By David M. Shribman
Executive Editor of the Pittsburgh Post-Gazette
With victories in a string of Eastern states, including the industrial-and-agrarian empire of Pennsylvania, Donald Trump and Hillary Clinton took giant steps toward their respective presidential nominations Tuesday night. They swept away most of the uncertainty surrounding their drives to their conventions, and they did so convincingly.
They're not all the way there yet, to be sure. Clinton has a commanding lead over Sen. Bernie Sanders of Vermont, but cannot afford to permit the 74-year-old unlikely avatar of the Democratic youth movement to regain the momentum he had only a fortnight ago. For his part, Trump must continue his relentless push, state by state, but especially in the next six days in Indiana, where Sen. Ted Cruz of Texas may be making his last, desperate stand.
The greater drama is in the Republican Party, roiled as it has been for 13 months by a rebellion in its ranks that, now that it is in full flower, has substantially altered those ranks, changing the very definition of what it is to be a Republican and what the party, once the guardian of stability and the repository of steady habits, stands for.
Indeed, Tuesday's results in this state and across the Eastern Seaboard underscored how the American political world has turned upside down -- even though all five states that voted Tuesday voted for the Democratic presidential candidate in every election since 1992, when Clinton's husband first won the White House.
Wednesday morning, despite the continuing battle between the Sanders and Clinton loyalists, the party of stability is the Democratic Party, which only a generation ago was torn asunder by generational and cultural warfare; was suffering an identity crisis so severe it commissioned study after study to find its political gyroscope; and witnessed established political figures enduring pitiless critiques from outsiders who viewed the governing strictures and prevailing culture of the party as hopelessly outmoded and fatally corrupt.
Today that very description applies, syllable for syllable, to the Republican Party.
And, more startling still, those Democratic rebels -- make no mistake: Clinton was one of them, as anyone who witnessed or has read her Wellesley College commencement address will attest -- comprise something of an establishment of their own. Now "the Clintons" are as powerful a brand, as an important a factor in history, as "the Kennedys" and "the Bushes."

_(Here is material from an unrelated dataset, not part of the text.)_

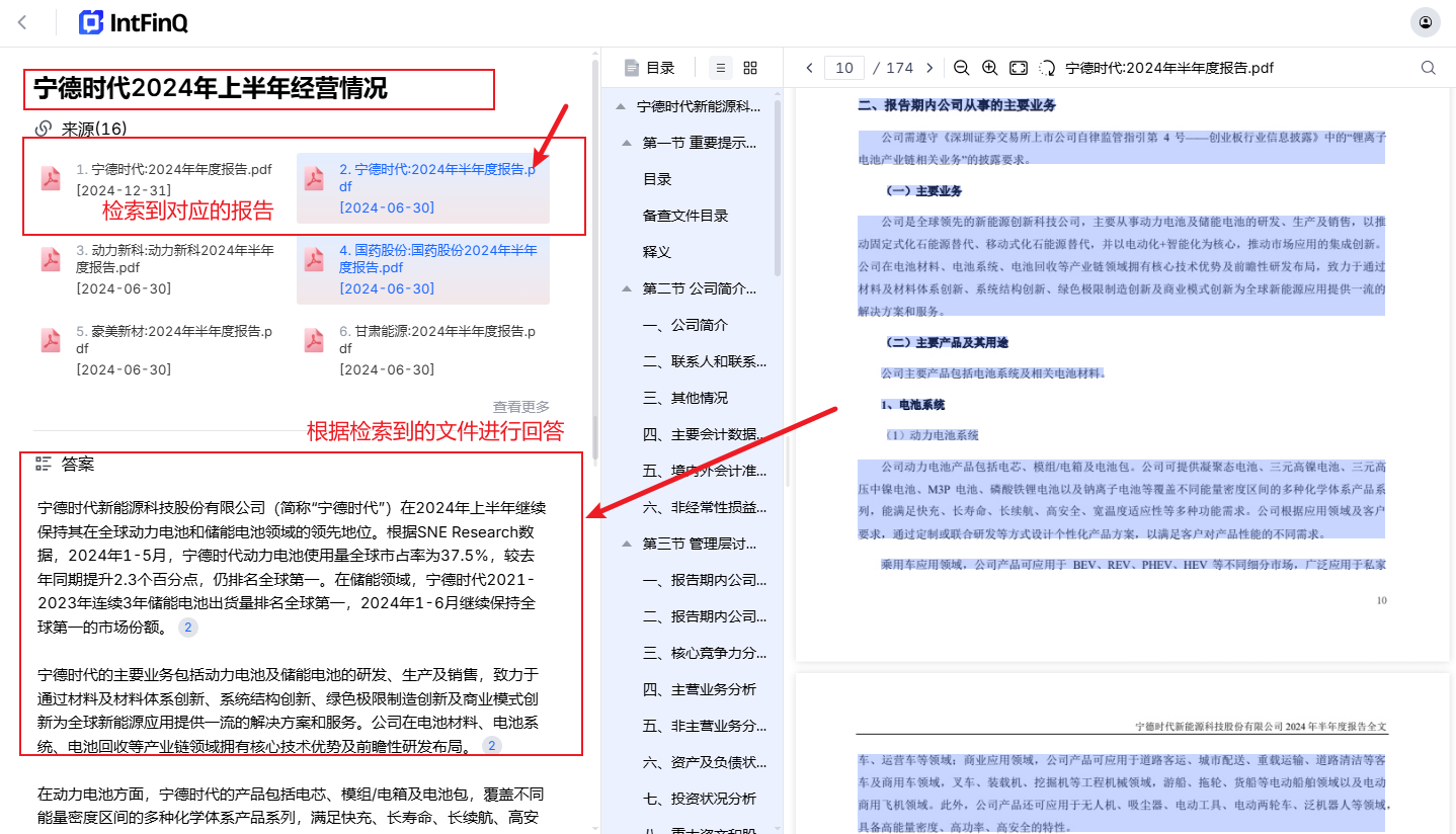 知识检索可以直接输入业务关键词进行全平台知识检索,输入“宁德时代2024年上半年经营情况”,它会快速呈现与之相关的各类信息,包括财务数据、市场份额变化、新产品发布情况等。这种高效检索能力,不仅能满足用户对特定信息的获取需求,还能帮助用户在海量数据中挖掘出有价值的洞察。
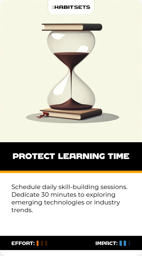 Schedule daily skill-building sessions. Dedicate 30 minutes to exploring emerging technologies or industry trends.

It is true that the major meaning of the Sanders campaign, along with an attack on the campaign-finance system and a withering critique of the wealth gap, was an assault on the party establishment. While the campaign still rages -- Sanders insists he'll continue to fight -- the bitterness between the two camps persists. But it is friendly fire compared with the ballistics within the Republican Party.
Indeed, in a victory statement in Philadelphia, Clinton said of her rival, "There's much more that unites us than divides us," and she cited a string of issues that were more in Sanders' palette than in hers, including the sins of Wall Street.
The Republican nomination is not a settled matter, yet, even if Trump said Tuesday night, "I consider myself the presumptive nominee."
Cruz and Gov. John Kasich of Ohio have undertaken an arranged marriage that is less one of convenience than of necessity. Its honeymoon lasted less than 24 hours, and so an alliance that looked as if it were a vote-diversion agreement -- Kasich would ask his supporters to back Cruz in Indiana, and the Texan would ask his legions to back Kasich in Oregon and New Mexico -- now looks like something different entirely. It is now more akin to a no-fly zone, with Cruz agreeing not to campaign in the Western states and Kasich agreeing not to campaign in Indiana.
In his victory speech Tuesday, Trump said, "The Republican Party needs something much different than that." He described the alliance as "a faulty deal that was defaulted on before it was even started."
The focus of the next week will be on two elements: the GOP party rules and the state of Indiana.
If nothing else, the struggle in Pennsylvania only intensified the importance of both those elements. Trump triumphed in this state, even sweeping the Philadelphia suburbs. And yet he came away with a paltry prize; more than two-thirds of the delegates distributed in this state will be unpledged -- the largest portion of any state to be so distributed. Trump is well positioned to claim many of those unpledged delegates, but the gap between that harvest and his big victory will only add fuel to his fiery commentary.
Now the campaign moves to Indiana, where the Trump forces face a more congenial set of circumstances.
If Trump wins Indiana overall and prevails in each of its congressional districts, he will win every one of the 57 delegates on offer. That's the kind of delegate-distribution scheme the Manhattan businessman believes should be applied nationwide.
Moreover, the unemployment rate is at about the national average, making the state fertile territory for his criticism of trade agreements, especially the North American Free Trade Agreement. The state has lost 113,000 manufacturing jobs since 1994, when NAFTA was implemented, and though all the job losses cannot be attributed to the trade agreement, unemployment remains a sensitive issue in the state.
Other important primaries remain, especially California's, which has a prize of 172 delegates. The GOP contest almost certainly will continue until that confrontation, on June 7, but if Trump continues at this pace he may end the primary and caucus season with the delegate total he needs -- or well within striking distance of the 1,237 required for the nomination.